Detachment Styles in Adult Relationships:
A Metamotivational Blind Spot in Relationship Theory
Bryce Kaye, Ph.D.
Cary Counseling Center
www.carycounseling.net
{Access this Detachment Styles article in pdf format here)
“Three blind men approached an elephant for the first time….. “Everyone knows the metaphor. We are in danger of making a similar oversimplification if we interpret that the course of a relationship is primarily determined by someone’s attachment style. Since Bolby (1969) and Ainsworth et al. (1978) pioneered attachment theory, there have been over 15,000 publications about attachment and attachment styles. However, an internet search on the keywords “detachment style” reveals very few. The term is unknown in social psychology. One possible reason for this could be because of a behavioral bias in defining relationship interactions. Therapists and authors commonly refer to “setting boundaries” as an observable behavior. But what allows a partner to do so constructively? What allows a couple to have a conflict involving beneficial negotiation or productive confrontation. Some psychological process must occur to enable the partners to have a felt sense of security despite the emotional intensity of the conflict. The expression “setting boundaries” distracts from understanding the psychological action that shifts us from a shared perspective to an autonomous one. It would be more accurate to say that we behaviorally set limits and we intuitively feel boundaries. Adult boundaries are better defined as having an autonomous mental frame of meaning and purpose. The frame needs to be strong enough to protect the person from their partner’s conflicting expectations or disapproval.

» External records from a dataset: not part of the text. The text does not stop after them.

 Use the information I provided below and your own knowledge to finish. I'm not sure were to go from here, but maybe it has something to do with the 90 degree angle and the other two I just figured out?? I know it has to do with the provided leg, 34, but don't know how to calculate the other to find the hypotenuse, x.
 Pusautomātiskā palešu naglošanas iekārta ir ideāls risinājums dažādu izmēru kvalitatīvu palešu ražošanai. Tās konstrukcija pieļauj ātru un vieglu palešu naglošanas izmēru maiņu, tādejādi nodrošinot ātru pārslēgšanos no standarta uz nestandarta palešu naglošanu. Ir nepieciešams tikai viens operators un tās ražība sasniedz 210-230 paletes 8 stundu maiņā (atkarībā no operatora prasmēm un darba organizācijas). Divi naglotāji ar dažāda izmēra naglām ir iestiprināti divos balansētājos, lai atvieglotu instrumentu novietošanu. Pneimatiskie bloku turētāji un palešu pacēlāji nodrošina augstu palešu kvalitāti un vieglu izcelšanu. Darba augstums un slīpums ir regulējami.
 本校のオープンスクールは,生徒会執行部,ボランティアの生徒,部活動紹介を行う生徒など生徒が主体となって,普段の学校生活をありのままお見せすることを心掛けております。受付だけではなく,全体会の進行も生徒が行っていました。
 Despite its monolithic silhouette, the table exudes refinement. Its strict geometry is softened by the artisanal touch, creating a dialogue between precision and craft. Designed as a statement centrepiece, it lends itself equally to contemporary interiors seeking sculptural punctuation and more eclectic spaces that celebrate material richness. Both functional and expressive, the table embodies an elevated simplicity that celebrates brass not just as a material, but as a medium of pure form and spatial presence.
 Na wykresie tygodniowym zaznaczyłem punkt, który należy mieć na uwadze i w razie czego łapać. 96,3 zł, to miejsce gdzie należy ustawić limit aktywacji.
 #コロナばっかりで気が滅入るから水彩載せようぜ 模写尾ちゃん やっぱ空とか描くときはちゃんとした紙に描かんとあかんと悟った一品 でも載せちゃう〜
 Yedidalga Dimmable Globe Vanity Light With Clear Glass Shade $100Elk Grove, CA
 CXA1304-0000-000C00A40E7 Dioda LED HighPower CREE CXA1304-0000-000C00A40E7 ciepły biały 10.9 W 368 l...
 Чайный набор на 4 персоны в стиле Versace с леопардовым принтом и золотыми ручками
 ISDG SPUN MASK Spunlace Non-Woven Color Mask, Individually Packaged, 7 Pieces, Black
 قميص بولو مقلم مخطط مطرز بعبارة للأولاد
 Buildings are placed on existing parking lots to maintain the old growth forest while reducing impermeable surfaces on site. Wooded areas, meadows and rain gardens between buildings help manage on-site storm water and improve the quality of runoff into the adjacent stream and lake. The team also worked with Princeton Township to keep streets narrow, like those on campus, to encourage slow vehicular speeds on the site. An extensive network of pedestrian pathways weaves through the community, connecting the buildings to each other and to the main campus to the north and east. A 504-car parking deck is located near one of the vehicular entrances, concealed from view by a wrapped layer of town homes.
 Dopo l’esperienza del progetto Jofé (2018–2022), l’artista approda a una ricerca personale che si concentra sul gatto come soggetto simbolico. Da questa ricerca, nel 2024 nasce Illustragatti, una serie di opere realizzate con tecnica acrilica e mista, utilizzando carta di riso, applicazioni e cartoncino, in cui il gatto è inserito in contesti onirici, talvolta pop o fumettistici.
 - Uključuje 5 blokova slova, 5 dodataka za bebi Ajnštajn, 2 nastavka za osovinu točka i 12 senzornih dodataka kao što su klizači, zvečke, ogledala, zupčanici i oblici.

We all make intuitive models of other people’s minds in our own minds. In childhood our sense of attachment is largely physical. In adulthood it is much more symbolic. “Feeling close” is a metaphor for something that occurs mostly in the unconscious. We can feel close when we intuitively sense that the model of our partner’s mind values our emotional experience. It is safe to let our partner’s mind reinforce our experience and values. When we sense that our partner’s mind devalues our experience then we can feel threatened by shame. Psychological detachment occurs when our internal attention shifts back to our separate mental frame. The detached state may endure a few seconds up to a few hours. Couples who remain brooding and detached for days will usually have serious problems. Couples who quickly reattach after a brief respectful detachment will usually thrive. Brief respectful detachment can enhance a relationship in two ways. First, it can convince someone that they have a stable partner with substance. Autonomy is attractive.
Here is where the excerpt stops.